Copy out exactly, from the entries that follow, the line holding "DAP Eclipse Rapid", the line holding "Stylish custom bakery", and all lines between them, but no pictures.

_INFORMATION GIVEN:_
_ _ _ _
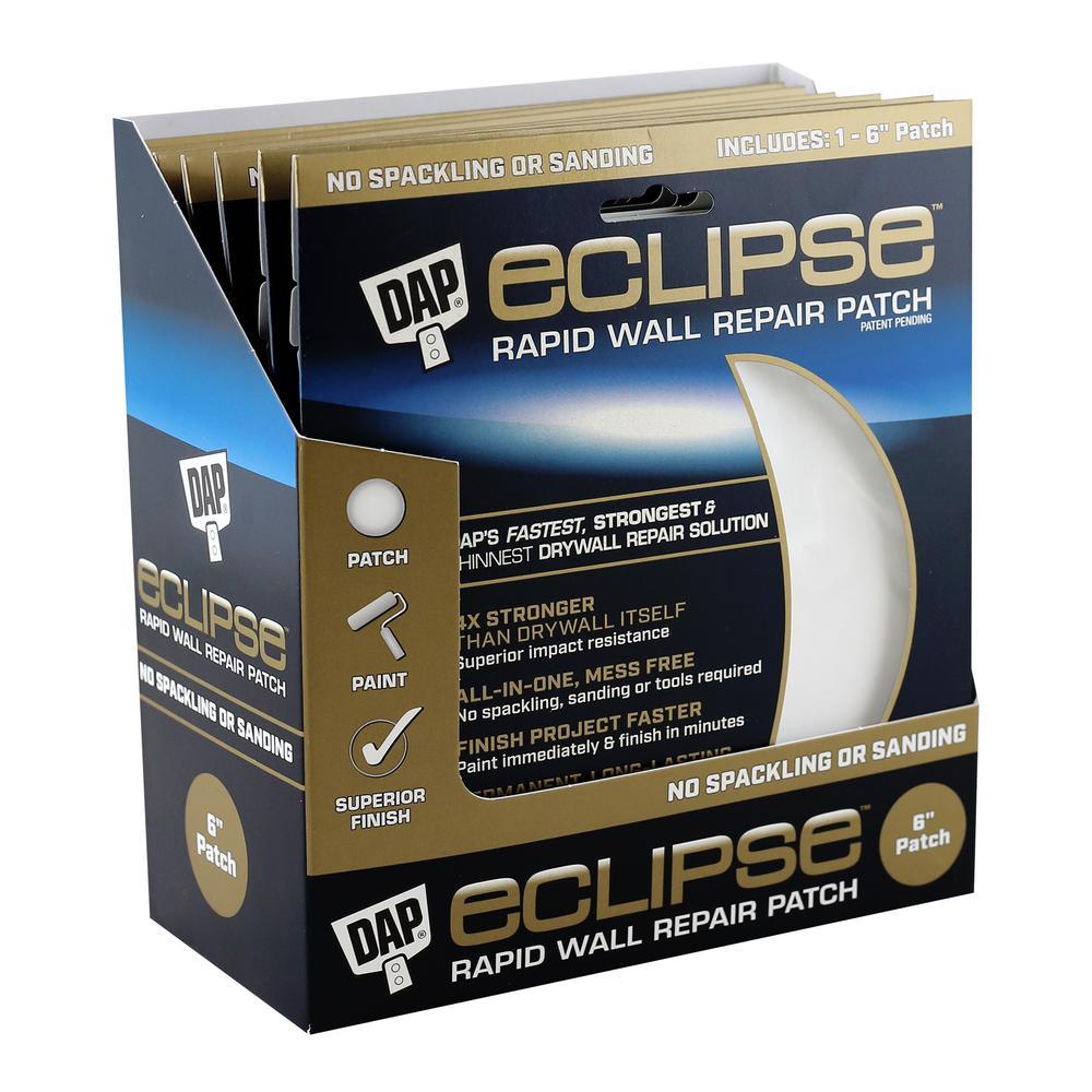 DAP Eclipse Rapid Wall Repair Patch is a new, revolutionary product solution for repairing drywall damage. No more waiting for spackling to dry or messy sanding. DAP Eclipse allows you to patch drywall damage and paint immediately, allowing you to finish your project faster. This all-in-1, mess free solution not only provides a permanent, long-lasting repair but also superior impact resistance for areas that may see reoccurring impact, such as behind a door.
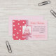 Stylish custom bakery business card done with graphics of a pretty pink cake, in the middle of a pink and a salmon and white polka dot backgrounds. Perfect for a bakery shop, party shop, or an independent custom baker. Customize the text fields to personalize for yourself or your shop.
_ _ _ _
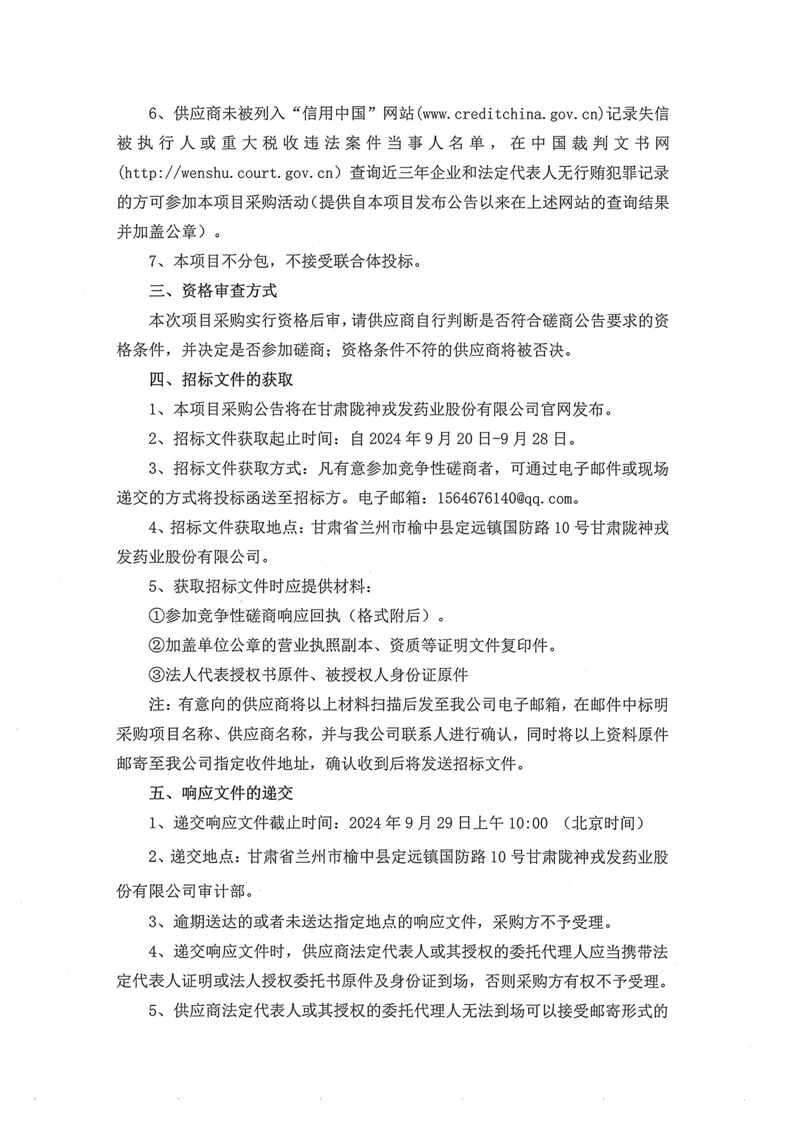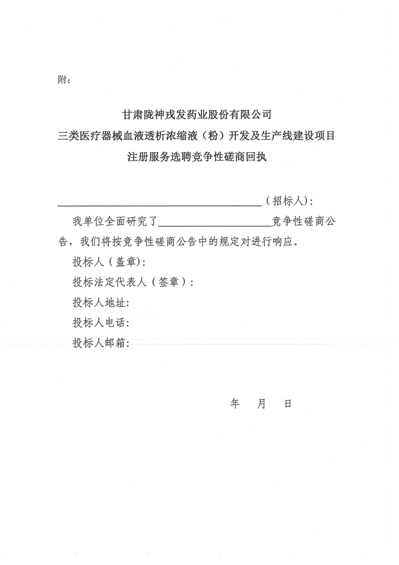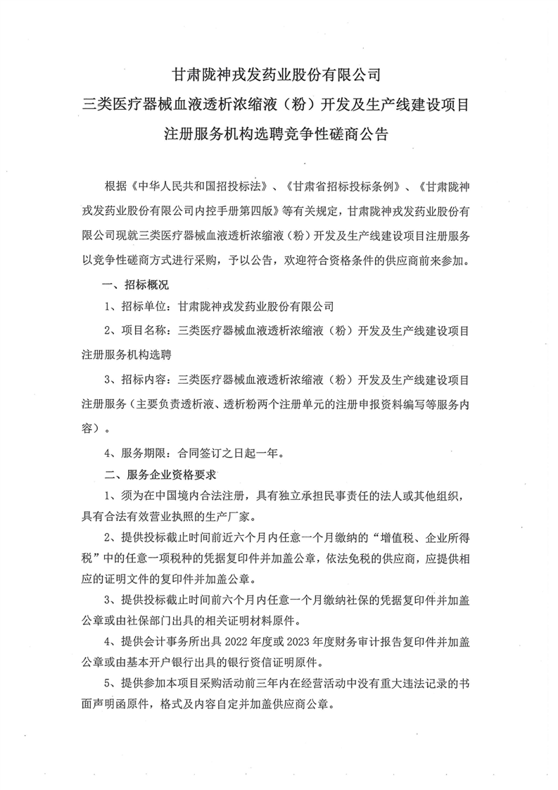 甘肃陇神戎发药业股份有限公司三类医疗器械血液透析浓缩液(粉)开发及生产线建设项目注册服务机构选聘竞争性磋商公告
_ _ _ _
_SOLUTION FOR THIS TASK:_
 DAP Eclipse Rapid Wall Repair Patch is a new, revolutionary product solution for repairing drywall damage. No more waiting for spackling to dry or messy sanding. DAP Eclipse allows you to patch drywall damage and paint immediately, allowing you to finish your project faster. This all-in-1, mess free solution not only provides a permanent, long-lasting repair but also superior impact resistance for areas that may see reoccurring impact, such as behind a door.
 Stylish custom bakery business card done with graphics of a pretty pink cake, in the middle of a pink and a salmon and white polka dot backgrounds. Perfect for a bakery shop, party shop, or an independent custom baker. Customize the text fields to personalize for yourself or your shop.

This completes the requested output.